Very easy, just algebra.
But here it's like, not only is it hard to evaluate the policy, but it's actually harder
than solving the problem.
And in many cases, it's impossible.
So that's a big challenge.
And that continues to be a challenge today.
Um, um, and so that's, that's Paul.
So I've kind of covered all of the technical stuff.
I'll dive into a little bit of the large language model stuff, but before I do
that, any questions about the technical stuff?
So I guess the thing I'm missing is, is is I guess it's a little application which is understanding
So some problems like you're saying are clearly not a fit for supervised or unsupervised learning
And so you could think about like oh, maybe this is a reinforcement learning task
When do you but then some things maybe there's multiple approaches to solving and so, you know, you could use a reinforcement learning
You could try something else.
And then from a toolbox standpoint,
even today, I can just Google your stop sign example,
and there's 100 tutorials for opening up TensorFlow PyTorch,
whatever.
Give it the images, give it the labels.
We talked about labeling, but give it the labels
and monitor your loss function.
Is it the same, is there like the same set of tools
for doing reinforcement learning?
Or is there also some really like a canonical example
that you would sort of go to
to like kind of do like the simple case?
Yeah, it's a really good question.
Okay, so, okay, the first part of the question, I think that my general philosophy is to use
the simplest tool for the job, right?
So for example, I'll give a really concrete example.
There was a place I worked at, I could probably say this. I'll just say it.
I don't think it's going to be that controversial or anything, but it's not
that much of an expose, but you know, when I worked at, at Metta, you know, we
released the Oculus store, right?
And so you can go right now to the Oculus store and buy games for the Oculus Quest.
Right.
And so I talked to the product managers, they asked to meet with my team,
and they wanted to do reinforcement learning
to figure out what items to put on what places
on the storefront.
So when you go to like oculusstore.com
or whatever it is, the URL,
like what should they just show right there on the banner?
They call that the hero position.
What should they put in the hero position, et cetera?
And my response to them was like,
not only should you not use reinforcement learning,
you should also not use AI, right?
What you should do is like take the app that sold the most
and put it in the hero position just manually
and run that way for a month.
And then if you realize that like, if you just have this intuition, like,
oh, there's, there's so many people with so many different interests and we're
showing everyone beat saber and it's not going well and, and so we need to do
some AI then let's, let's go there.
Right.
So like simplest tool for the job.
Like the simplest thing was just like a YAML file
with Beat Saber in it, right?
And so like they launched that.
And then I would say, you know,
if you can do something simple around the decision,
like say, okay, in certain countries,
I'll show Beat Saber and other countries,
I'll show other stuff.
And then now I'm dividing by some other demographics.
And the next thing you know,
you're kind of like building a decision tree by hand.
Okay, let me use the decision tree, right?
And so, and then at some point you run into
like competing interests where, you know,
I want the store to do well,
but I also want game publishers to share the benefit.

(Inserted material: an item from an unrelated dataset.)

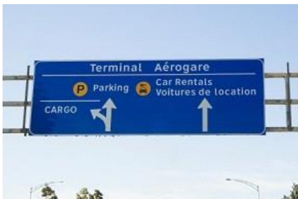
ФОТО можливого вигляду показників до місць паркування

І друга, надзвичайно важлива сторона цієї ж проблеми полягає в повній відсутності спеціально відведених місць для стоянки прокатних авто та навігації, яка б допомогала такі місця легко розшукати. Це призводить до колосальних незручностей, як для надавачів послуг, так і для бажаючих отримати прокатне авто. Перші мусять деінде припаркувавши замовлений автомобіль, бігати по залу прильоту з намальованим на папері логотипом компанії та, буквально, вилловлювати замовника послуги прокату. А другі не знають де автомобіль можна покинути після завершення строку прокату. Таким чином, очевидно – що просте адміністративне рішення про виділення стояночних місць для прокатних автомобілів надало б по-справжньому цивілізованих рис нашим аеропортам.

I don't want to just king make big beat saber.
Now I have this competing economic model that's very complex.
Now we're starting to talk about reinforcement learning and some of that.
I would say stick with the simplest tool
for the job. Reinforcement learning often is much simpler than trying to like take actions by hand
and stuff like that. So for running a marketplace, for driving a car, you know, reinforcement learning
is a great choice. Yeah, and as far as tooling, the tooling is way way behind. There's
a lot of reasons for this. One of the biggest reasons is reinforcement learning can't really
be commoditized because it's too close to the decisions that companies make, which are sensitive. And so it's just very hard
to commoditize. I mean, we rolled out Reagent, which was the most popular reinforcement learning
platform for a while. Now there's open AI baselines. So there's a bunch of places where
you can get the algorithms, right? But if you want like the real techniques, like how do I do offline evaluation?
A lot of these are proprietary. Reagent actually has policy evaluation and all of that. So folks
can definitely check that out and the code base, as far as I know, is still active.
out and the code base as far as I know is still active. But I think the field is just still too new for there to be kind of really good practices there. But yeah, those are two awesome questions.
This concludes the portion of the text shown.